On Wed, Jun 9, 2010 at 22:17, Peng Yu <[email protected]> wrote:
> I can't find an existing perl subroutine (in the library) to find
> every occurrence of a substring in a string. The following webpage
> "Example 3b. How to find every occurrence" uses a loop to do so. But
> I'd prefer a subroutine. Could you let me know if such a subroutine is
> available in perl library?
>
> http://perlmeme.org/howtos/perlfunc/index_function.html
snip
So long as the number of times "abab" occurs in "abababab" is twice,
not three times (i.e. you do not allow overlaps), you can just say
my $count =()= $string =~ /abab/g;
or, if you need to use it in a function call, you can say
somefunction( "first_arg", scalar ()= $string =~ /abab/g, "third_arg" );
These work because the regular expression /abab/g will match the
string "abab" as many (non-overlapping) times as it can. In list
context a regular expression will return the matches it made, so
my @a = "ababababababab" =~ /abab/;
will assign ("abab", "abab", "abab") to @a (note that the extra "ab"

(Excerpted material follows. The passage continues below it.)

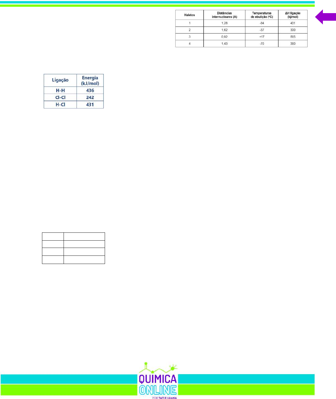 3000 QUESTÕES DE QUÍMICA 359 d) 600 kJ. e) 2 600 kJ. 74 - (PUC SP) Dados os valores de energia de ligação em kJ/mol e a reação a seguir, calcule o ΔH desse processo. H2(g) + Cl2(g) 2 HCl(g) a) – 184 kJ/mol. b) + 184 kJ/mol. c) + 247 kJ/mol. d) – 247 kJ/mol. 75 - (UFGD MS) A amônia é produzida a partir de nitrogênio e hidrogênio usando-se o processo Harber. A equação que representa a reação química é: N2(g) + 3 H2(g) 2 NH3(g) Usando as energias de ligação dadas na tabela a seguir, marque a alternativa que apresenta a variação de energia da reação de formação da amônia. a) 2249 H kJ = + b) 2346 H kJ = − c) 97 H kJ = − d) 97 H kJ = + e) 2346 H kJ = + 76 - (FCM MG) Este quadro ilustra as distâncias internucleares, as temperaturas de ebulição e as energias de ligação de quatro haletos de hidrogênio: Os haletos 1, 2, 3 e 4 são, respectivamente: a) HCl, HI, HF e HBr b) HF, HCl, HBr e HI c) HI, HBr, HCl e HF d) HBr, HF, HI e HCl 77 - (UDESC SC) Considerando as moléculas de CO e CO2 e sabendo que os comprimentos de ligação C-O em uma dessas moléculas é 121 pm (onde pm = 10–12 m) e na outra 143 pm, assinale a alternativa correta. a) A ligação na molécula de CO2 é mais forte que na molécula de CO, pois a ligação dupla é mais forte que a ligação tripla. b) A ligação na molécula de CO é iônica, enquanto a ligação na molécula de CO2 é covalente. c) A ligação na molécula de CO é mais longa que na molécula de CO2, devido à ausência de ligações múltiplas no CO. d) A ligação na molécula de CO é mais curta que na molécula de CO2, pois a molécula de CO apresenta uma ligação tripla e corresponde ao comprimento de 121 pm. O CO2 apresenta ligação dupla entre o átomo de carbono e os átomos de oxigênio, e essa ligação corresponde ao comprimento de 143 pm. e) A ligação no CO2 é mais curta que no CO, pois a ligação dupla, presente na estrutura do CO2, é mais curta e forte que a ligação tripla presente no CO. 78 - (ACAFE SC) Considere a reação entre o eteno gasoso e cloro gasoso produzindo 1,2-dicloroetano no estado gasoso. Assinale a alternativa que contém o valor da energia liberada (em módulo) na produção de 297g de 1,2-dicloroetano gasoso. Dados: energias de ligação C = C: 612 kJ/mol; Cl – Cl: 243 kJ/mol; C – C: 347 kJ/mol; C – Cl: 331 kJ/mol. C: 12g/mol; Cl: 35,5g/mol; H: 1,0 g/mol. a) 177 Kj → → )H( 391HN 436HH 941NN )mol/kJ(EnergiaLigação − − 3000 QUESTÕES DE QUÍMICA 360 b) 154 kJ c) 462 kJ d) 531 kJ 79 - (UEM PR) Dadas as seguintes energias de ligação, assinale a(s) alternativa(s) correta(s). 01. Energia de ligação é a quantidade de energia requerida para separar 1 mol de ligações covalentes entre átomos no estado gasoso. 02. A combustão completa de um mol de metano (CH4) libera 808kJ de energia. 04. A entalpia da reação CH4(g) + Cl2(g) HCl(g) + CH3Cl(g) é de –104 kJ/mol. 08. A combustão completa de 138g de etanol absorve 1.355,5kJ. 16. Todas as reações químicas espontâneas ocorrem com liberação de calor. 80 - (FUVEST SP) Sob certas condições, tanto o gás flúor quanto o gás cloro podem reagir com hidrogênio gasoso, formando, respectivamente, os haletos de hidrogênio HF e , gasosos. Pode-se estimar a variação de entalpia de cada uma dessas reações, utilizando-se dados de energia de ligação. A tabela apresenta os valores de energia de ligação dos reagentes e produtos dessas reações a 25 ºC e 1 atm. Com base nesses dados, um estudante calculou a variação de entalpia de cada uma das reações e concluiu, corretamente, que, nas condições empregadas, a) a formação de HF (g) é a reação que libera mais energia. b) ambas as reações são endotérmicas. c) apenas a formação de (g) é endotérmica. d) ambas as reações têm o mesmo valor de H. e) apenas a formação de (g) é exotérmica. 81 - (UFJF MG) O hidrogênio cada vez mais tem ganhado atenção na produção de energia. Recentemente, a empresa britânica Intelligent Energy desenvolveu uma tecnologia que pode fazer a bateria de um smartphone durar até uma semana. Nesse protótipo ocorre a reação do oxigênio atmosférico com o hidrogênio armazenado produzindo água e energia. a) Escreva a equação química da reação descrita acima e calcule a sua variação de entalpia a partir dos dados abaixo. b) Um dos grandes problemas para o uso do gás hidrogênio como combustível é o seu armazenamento. Calcule o volume ocupado por 20g de hidrogênio nas CNTP. c) Atualmente, cerca de 96 % do gás hidrogênio é obtido a partir de combustíveis fósseis, como descrito nas reações abaixo. Essa característica é considerada uma desvantagem para o uso do hidrogênio. Justifique essa afirmativa. Carvão: C(s) + H2O(l) CO(g) + H2(g) Gás natural: CH4(g) + H2O(l) CO(g) + 3 H2(g) 82 - (PUC SP) A reação de hidrogenação do etileno ocorre com aquecimento, na presença de níquel em pó como catalisador. A equação termoquímica que representa o processo é C2H4(g) + H2(g) C2H6(g) = –137 kJ.mol–1 Dado: A partir dessas informações, pode-se deduzir que a energia de ligação da dupla ligação que ocorre entre os átomos de C no etileno é igual a a) 186 kJ.mol–1. b) 599 kJ.mol–1. c) 692 kJ.mol–1. d) 736 kJ.mol–1. → HC )H( )H( HC HC → → → H 3000 QUESTÕES DE QUÍMICA 361 83 - (Faculdade São Francisco de Barreiras BA) Os valores das energias de ligação entre os átomos que formam as substâncias químicas, como os apresentados na tabela, podem ser utilizados para estimar o valor da variação de entalpia, , de uma reação química na fase gasosa. Considerando as energias envolvidas na ruptura e na formação de novas ligações químicas, pode-se calcular a variação da entalpia da reação de combustão total do metano, representada pela equação química. CH4(g) + 2O2(g) CO2(g) + 2H2O(g) Com base nessas informações, associadas aos conhecimentos da termoquímica, 
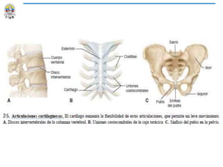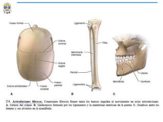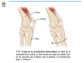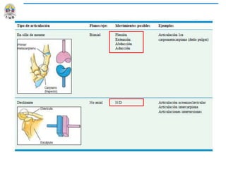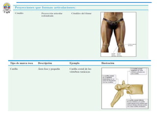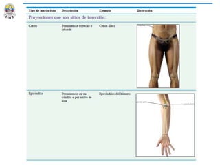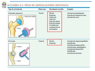 Este documento resume las estructuras principales del sistema locomotor, incluyendo los huesos, articulaciones y músculos. Explica que los huesos proporcionan sostén y protección al cuerpo, y que las articulaciones permiten el movimiento entre los huesos. Finalmente, describe que los músculos esqueléticos generan la fuerza necesaria para el movimiento a través de la contracción muscular impulsada por fuentes de energía en el cuerpo.

is ignored). The list assignment operator returns the number of items
on its right hand side when in scalar context, so
my $count = my @a = "ababababababab" =~ /abab/;
will assign 3 to $count. You can replace "my @a" with "()" and get
the same effect because the list assignment operator returns the
number of items on its right hand side (not the number of elements
assigned):
my $count = () = "ababababababab" =~ /abab/;
This idiom is used fairly often, and the convention is to remove the
spaces between the assignment operators and the empty list to produce
the "secret operator" =()=.
You may find the following resources helpful:
A quick reference guide for operators:
http://github.com/cowens/perlopquick/blob/master/perlopquick.pod
The reference for operators:
http://perldoc.perl.org/perlop.html
The regular expression tutorial
http://perldoc.perl.org/perlretut.html
The reference for regular expressions:
http://perldoc.perl.org/perlre.html
The quick reference for regular expressions
http://perldoc.perl.org/perlrequick.html
The last four are also available on your machine from the perldoc command:
perldoc perlop
perldoc perlretut
perldoc perlre
perldoc perlrequick
--
Chas. Owens
wonkden.net
The most important skill a programmer can have is the ability to read.